Was just wondering if anyone knows or could recommend a good place or website to send antique pocket watches away for auction?

Thanks


----------



## Guest (Feb 9, 2012)

ebay is the usual choice, most things fetch their worth


----------



## remb1000 (Jan 17, 2012)

Cheers for that, yes I am on ebay butI was thinking just auctions that specialie in pocket watches.

You know as in the dealer determines it's value first.

Give you his price recommended for sale plus commision charges.

Ebay is worth a shot I guess


----------



## stevieb (Feb 12, 2010)

The commission on Ebay is very reasonable, if you go to a big auction house you'll be paying 20% + Photographs for the catalogue+ additional fee for making the item avaliable throught the internet + addtional photographs for the internet + any restoration the auction house feels will make the item more saleable + VAT.

All this coupled with the minimun fee which at one Big Auction hous [i'll give you a clue it starts with B and ends with Hams] depending on the sale can be as much as Â£30

After everything you end up selling to the trade because most people are at work when they hold the auction.

The other major factor is the big Auction houses rate there success in selling an item, not in obtaining the most for it.
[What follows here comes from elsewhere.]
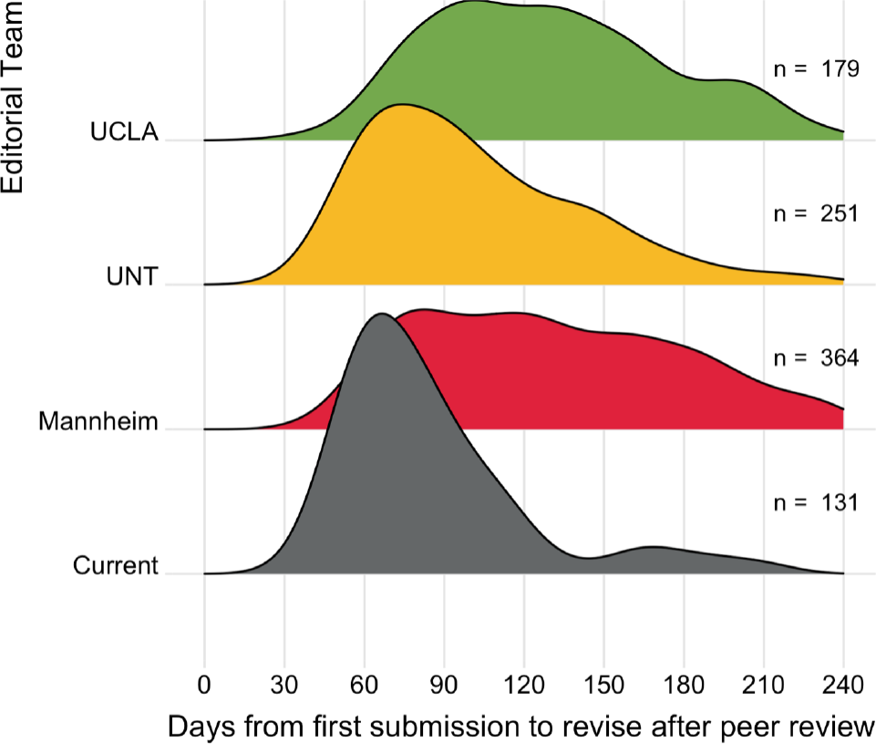 Figure 4 shows days from first submission to reject after peer review for our team and the three teams that preceded us. Figure 5 shows days from first submission to revise after peer review. Both figures 4 and 5 include only manuscripts with completed decisions.

Thats my experiance.

If you've got museum quality 18th century Brugeut's that are unique then i'd recommend specialist watch and clock sales,

I'd recommend finding out how much there worth, fixing how much you want for them [Net] then try to sell them privately.
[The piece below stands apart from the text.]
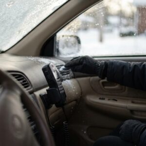 You can keep spare, dry mouthpieces in a sealed container, use insulated gloves that still let you grip the handset, and consider windshield or engine covers that reduce overall cabin chill. Just avoid anything that applies direct heat to the device or blocks its vents, and always route cords so they are protected from boots, ice scrapers, and cargo.

There's plenty of people who like a bargain and if your not having to pay 20%. they would be.


----------



## remb1000 (Jan 17, 2012)

Hello,

Thanks for the reply,

Some rather useful information there.

I will keep it in mind.

Yes I am familiar with ebay and realise that the commision fee on sales is low.

Which is to my advantage.

Im just not too sure that certain items could be sold on ebay for their real true value.

Especialy rare and certain uncommon antiques because not everyone would know what they are looking at and most of all what their looking at is worth.
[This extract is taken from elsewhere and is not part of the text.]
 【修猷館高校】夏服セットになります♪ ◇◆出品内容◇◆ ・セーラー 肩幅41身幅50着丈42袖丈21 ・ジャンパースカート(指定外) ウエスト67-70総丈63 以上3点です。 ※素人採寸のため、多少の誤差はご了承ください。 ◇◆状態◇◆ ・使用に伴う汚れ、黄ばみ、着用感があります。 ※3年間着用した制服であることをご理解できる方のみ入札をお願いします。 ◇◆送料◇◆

I have contacted some private auctions.

And if they offer a half decent price.

Why not, I will sell to them even if I have to pay commision.

Well that's as long as they don't take the absolute mick when it comes to percentages.

What's good with them is that things are out of my hands and they look after the rest.

As long as I get payed reasonable money it saves me the agro of trying to sell privately you know.

For the record, if anyone out there is wanting to get their antique pocket watches priced for free.

Theese two websites provide this service:

(www.antiquorum.com)

(www.fellows.co.uk)

It's fair handy and easy, just send a description with a few pics in the fields provided and voila 

They answer pretty quick too.

Of course it might be best to point out that you might be interested in selling.

Wheter that's true or not is irelevant.

But it's best to say that you might be interested in selling rather than just saying yes by the way im just using you for your free service. 

I mean afterall, if they are offering this free service aren't we entitled to use it.

Personaly I found it very useful, quick quotes for my antique watches without having to move my fat ass.

Hope it's useful to some of you out their.

Kind regards

Robert

It's actualy quite good.


----------



## Roger the Dodger (Oct 5, 2009)

Hi, Robert...if you can find out a ball park figure for your watches, you can always put them on the Bay with a reserve or a Buy it Now price....rather than have someone win a beautiful watch for peanuts.


----------



## Seismic one (Jun 21, 2008)

If you have a price in mind why not try a punt on the *For Sale *section on this site.

I for one would be interested at least to have a look.


----------